Named for the French novelist and critic known as Stendhal, who became physically sick from feasting on too much art in Florence in 1817, the psychosomatic disorder is known to cause rapid heartbeat, fainting and even hallucinations. Art-starved Sydneysiders could encounter the same reaction when galleries reopen their doors for the first time since March warns art historian and lecturer Lorraine Kypiotis, education outreach coordinator at the National Art School.

“Some people do have a physical reaction to art especially if they have an emotional connection to a work," she says of the syndrome which still afflicts gallery visitors in Florence today.

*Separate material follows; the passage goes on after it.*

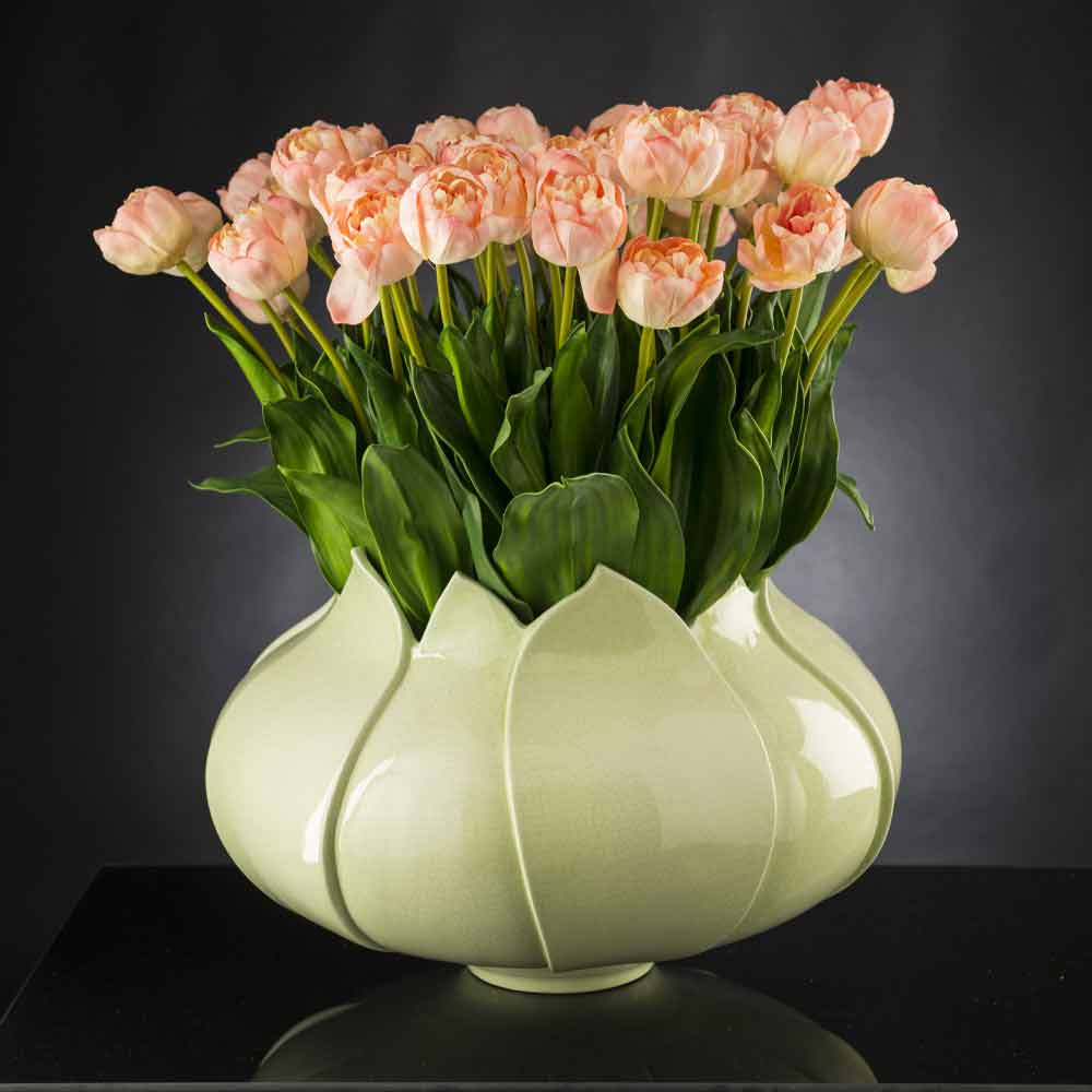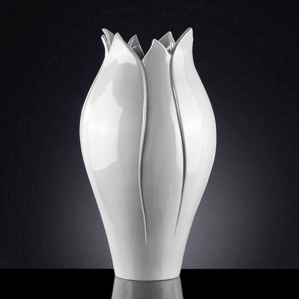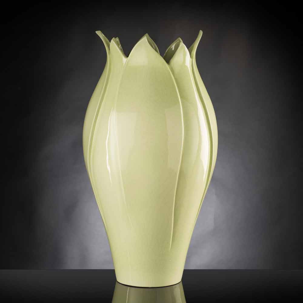 Indoor-Vase aus farbiger Keramik, handgefertigt in Italien. Ein besonders elegantes Design, das an die Formen einer Tulpe erinnert und eine exklusive Ergänzung mit einer zarten Ästhetik bietet. Die Verwendung von Keramik und die handwerkliche Herstellung durch erfahrene Handwerker der Branche unterstreichen und steigern deren Wert und Qualität für ein Ergebnis, das in jedem häuslichen und nicht häuslichen Raum ein echtes Kunstwerk darstellen kann. Ein idealer Stil für die unterschiedlichsten Umgebungen, von der Wohnungseinrichtung bis hin zu Hotels, Restaurants, Objektbereichen, Spas, aber auch als Rahmen für Veranstaltungen und Hochzeiten.
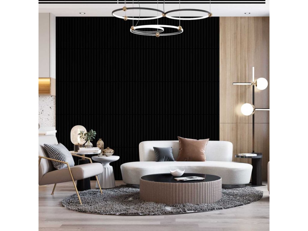 3D akustické panely v čiernom odtieni sú možnosťou pre všetkých, ktorí chcú nadčasovú a zároveň originálnu dekoráciu steny alebo stropu. Akustické panely tohto typu sa na prvý pohľad veľmi ľahko zamenia so skutočným, masívnym drevom. Tieto vlastnosti ocení každý, kto miluje prírodné prvky v interiéroch, vďaka ktorým môžete priestor ľahko zútulniť a dodať mu jedinečný charakter. Akustické panely, ktoré ponúkame na filcovej podložke, majú rozmery 60 cm x 60 cm a je možné ich inštalovať vertikálne, horizontálne, ako aj vytvárať geometrické vzory. Okrem skvelého vzhľadu sú panely veľmi praktické, opticky zväčšujú a tiež účinne odhlučňujú miestnosť. Ako nainštalovať akustické 3D panely? Montáž akustických panelov zvládne doslova každý. Stačí použiť príslušné lepidlo / napríklad Mamut glue high tack / a riadiť sa pokynmi výrobcu. Ak máte akékoľvek otázky alebo pochybnosti, sme tu, aby sme vám pomohli. Rozmery Akustický 3D panel: Dĺžka 60 cm. Šírka 60 cm. Medzera medzi lamelami je 2 cm. Rozmer lamely je šírka 3 cm a hrúbka 1,6 cm. Hrúbka filcovej podložky je 8 mm.

"There’s nothing that replaces the physical experience of seeing an artwork up close; to stand so close you can see the texture of the paint or feel the smoothness of the marble. With people hankering to have galleries open again, many will recall this feeling of being overwhelmed by a sense of an artwork's beauty,” says Kypiotis, who is also a guest lecturer at the Art Gallery of NSW which opens again on Monday.

“Returning to the Art Gallery of NSW will be for many like visiting an old friend. Some people will just want to stand near the works as they would an old friend, regardless of the fact they may have seen them many times. Some will just go straight to old favourites,” she says, admitting she's eager to see Australian artist Elioth Gruner’s Spring Frost (1919), which depicts a small herd of dairy cows in the early morning.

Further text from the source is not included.